═══ Records shown
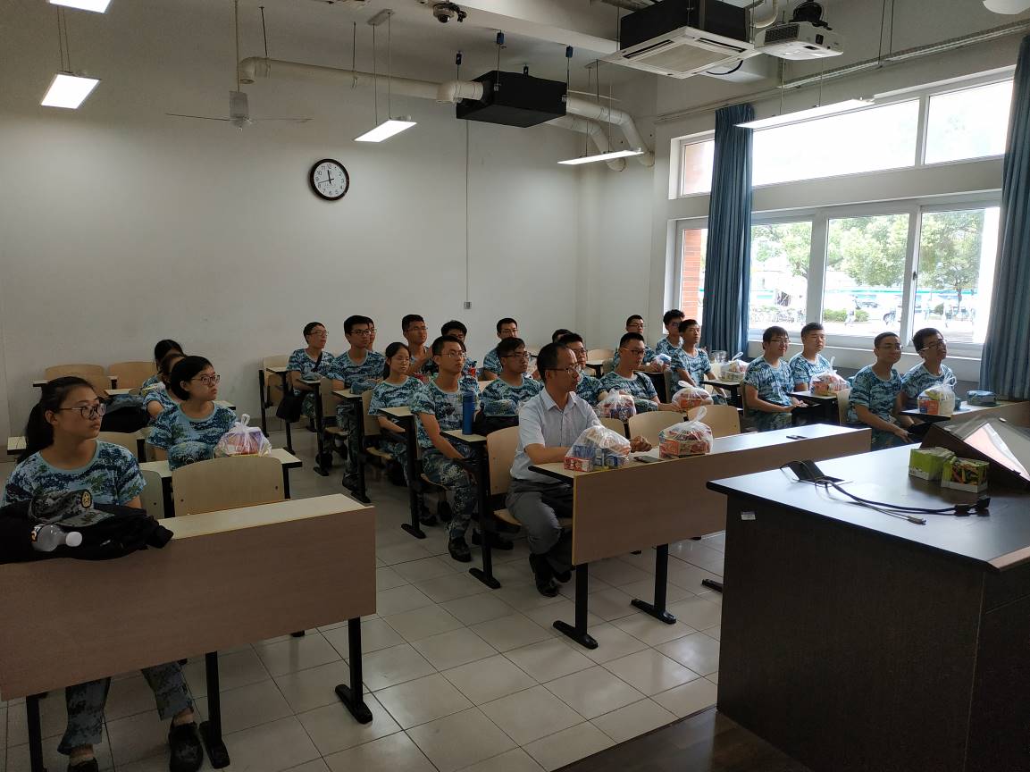 发言之后,贾金平书记、郑浩副书记为教官、同学们发放慰问品,将学院的关怀带给了刻苦训练的同学们。拿到慰问品的同学们喜上眉梢,有心急的同学马上打开享用了起来。
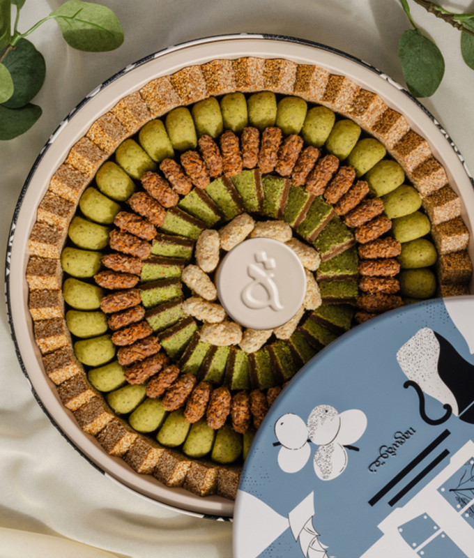 A delightful assortment of Rahash Wafers with almond and roasted coconut, rangina, ghraiba pistachio and simsimya.
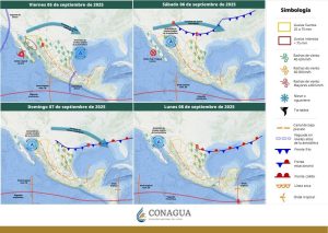 Hermosillo, Sonora a 05 de septiembre de 2025.- Viernes, basándose en la valoración y análisis de la información meteorológica en general y con base en información del Servicio Meteorológico Nacional y diferentes fuentes oficiales de los Estados Unidos, la Coordinación Estatal de Protección Civil emite el siguiente pronóstico:
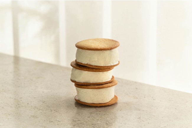 ねりごまとすりごまを混ぜた白ごまアイスを、プレーンクッキーでサンドしたテイクアウト限定スイーツ。白ごまのフレーバーとミルクの味わいが混ざり、上品で柔らかな仕上がりとなっています。
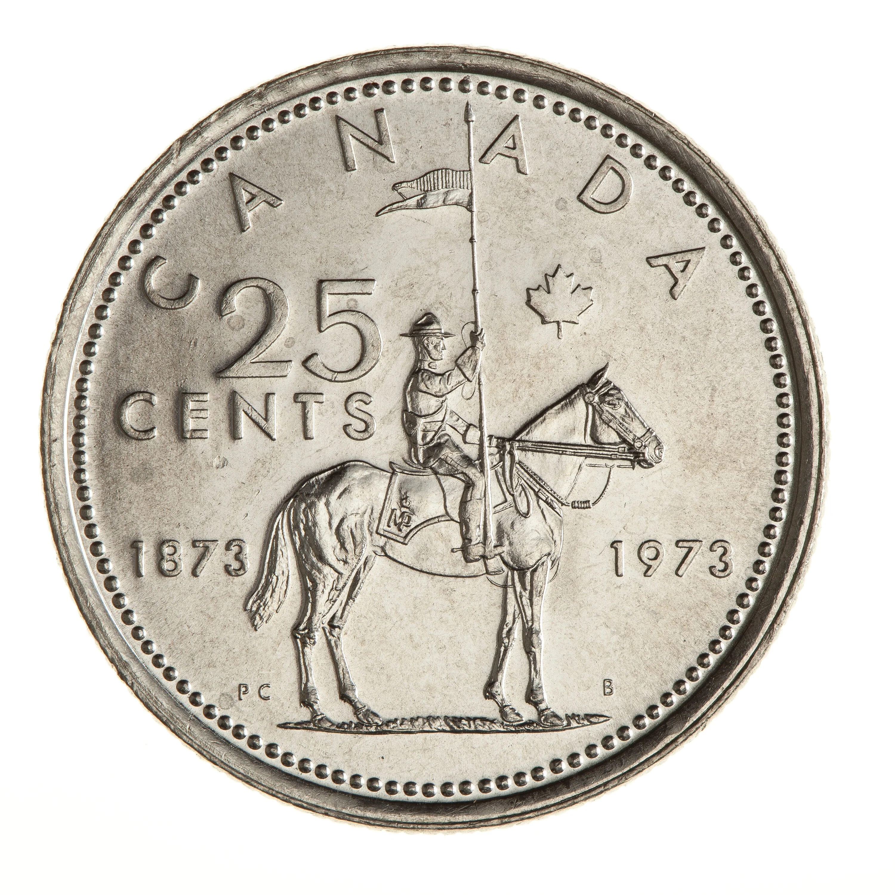 A mounted RCMP officer is encircled by the face value, country name, and the dates 1873-1973.
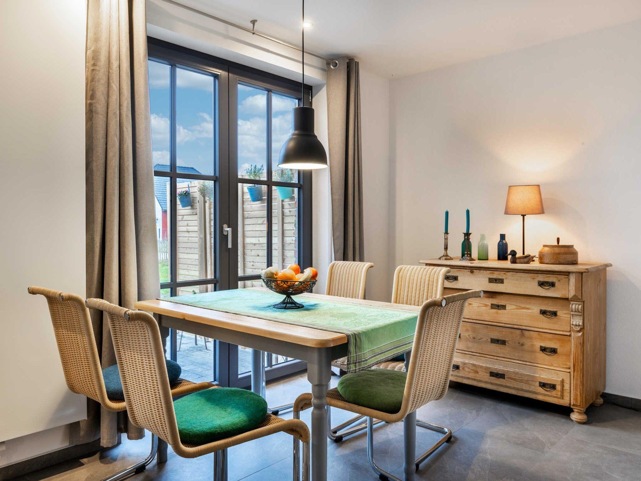 Modern und stilvoll eingerichtetes Reihenferienhaus mit 85qm Wohnfläche, einer großzügigen Sonnenterrasse und einem separaten abgeschlossenen und einzäunten Gartengrundstück. Das Haus bietet auf zwei Ebenen viel Raum für einen erholsamen Ostseeurlaub und besticht durch seine charmante Verbindung aus modernem Komfort, kombiniert mit stilvollen antiken Einzelstücken.
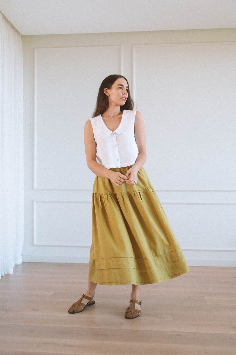 The item every perfectly considered capsule wardrobe needs, a thoughtfully designed and beautifully crafted linen shirt. This season in white and olive green, pure, washed linen.
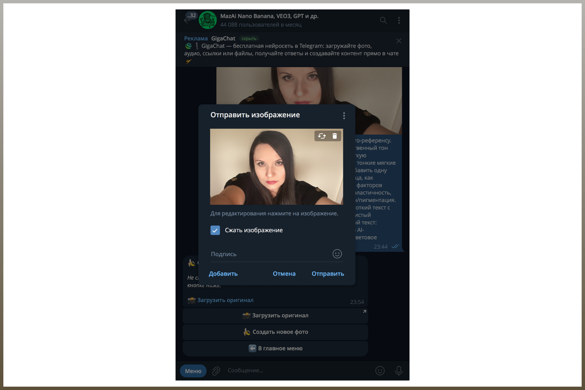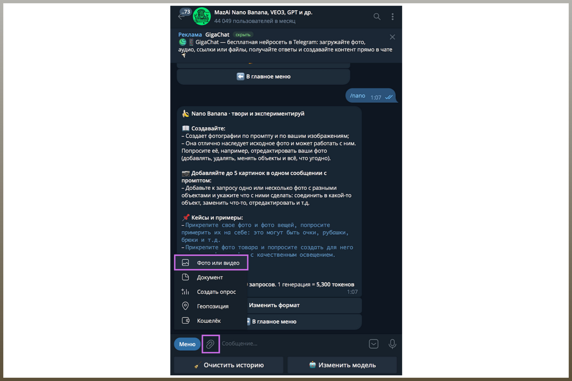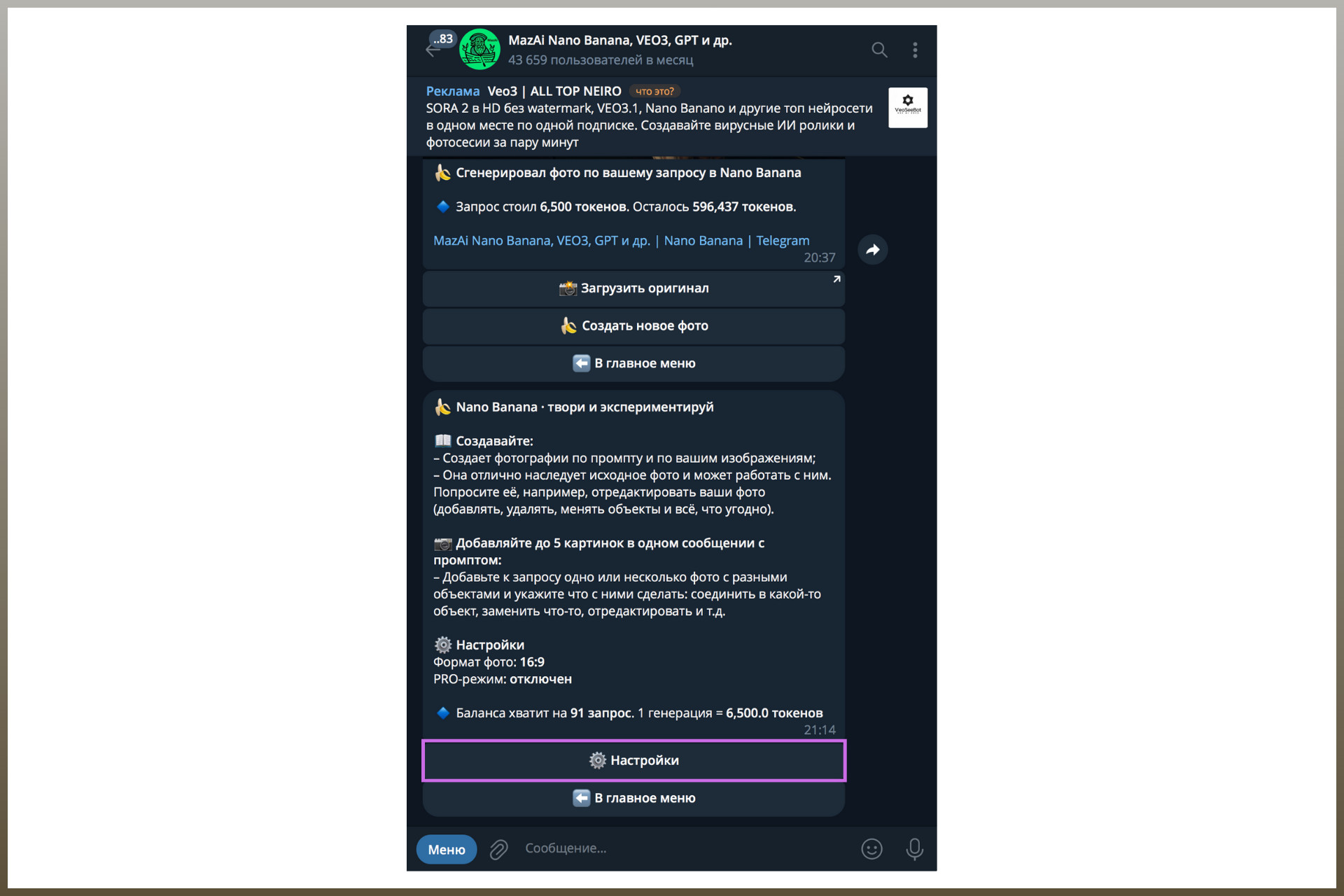 Важно: бесплатные стартовые генерации в ботах распространяются только на ИИ-модель Nano Banana (предыдущую версию). Она тоже подойдет для наших целей, но результат будет в разы лучше, если запустить Nano Banana PRO.
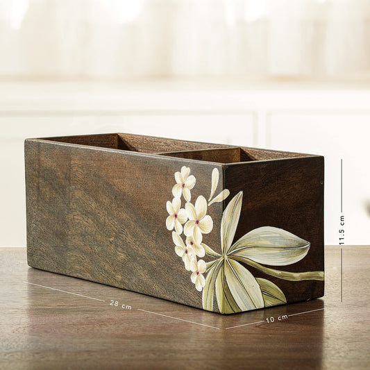 Frangipani Wooden Cutlery Holder | Premium Spoon, Knife and Fork Stand for Dining Table | Wooden Multipurpose Spoons Organizer for Kitchen | Handcrafted Tableware Storage Box
══════
Pictures must be left out. Return verbatim only the lines from the line with "Modern und stilvoll" through the final line of the material above, including both ends.

 Modern und stilvoll eingerichtetes Reihenferienhaus mit 85qm Wohnfläche, einer großzügigen Sonnenterrasse und einem separaten abgeschlossenen und einzäunten Gartengrundstück. Das Haus bietet auf zwei Ebenen viel Raum für einen erholsamen Ostseeurlaub und besticht durch seine charmante Verbindung aus modernem Komfort, kombiniert mit stilvollen antiken Einzelstücken.
 The item every perfectly considered capsule wardrobe needs, a thoughtfully designed and beautifully crafted linen shirt. This season in white and olive green, pure, washed linen.
 Важно: бесплатные стартовые генерации в ботах распространяются только на ИИ-модель Nano Banana (предыдущую версию). Она тоже подойдет для наших целей, но результат будет в разы лучше, если запустить Nano Banana PRO.
 Frangipani Wooden Cutlery Holder | Premium Spoon, Knife and Fork Stand for Dining Table | Wooden Multipurpose Spoons Organizer for Kitchen | Handcrafted Tableware Storage Box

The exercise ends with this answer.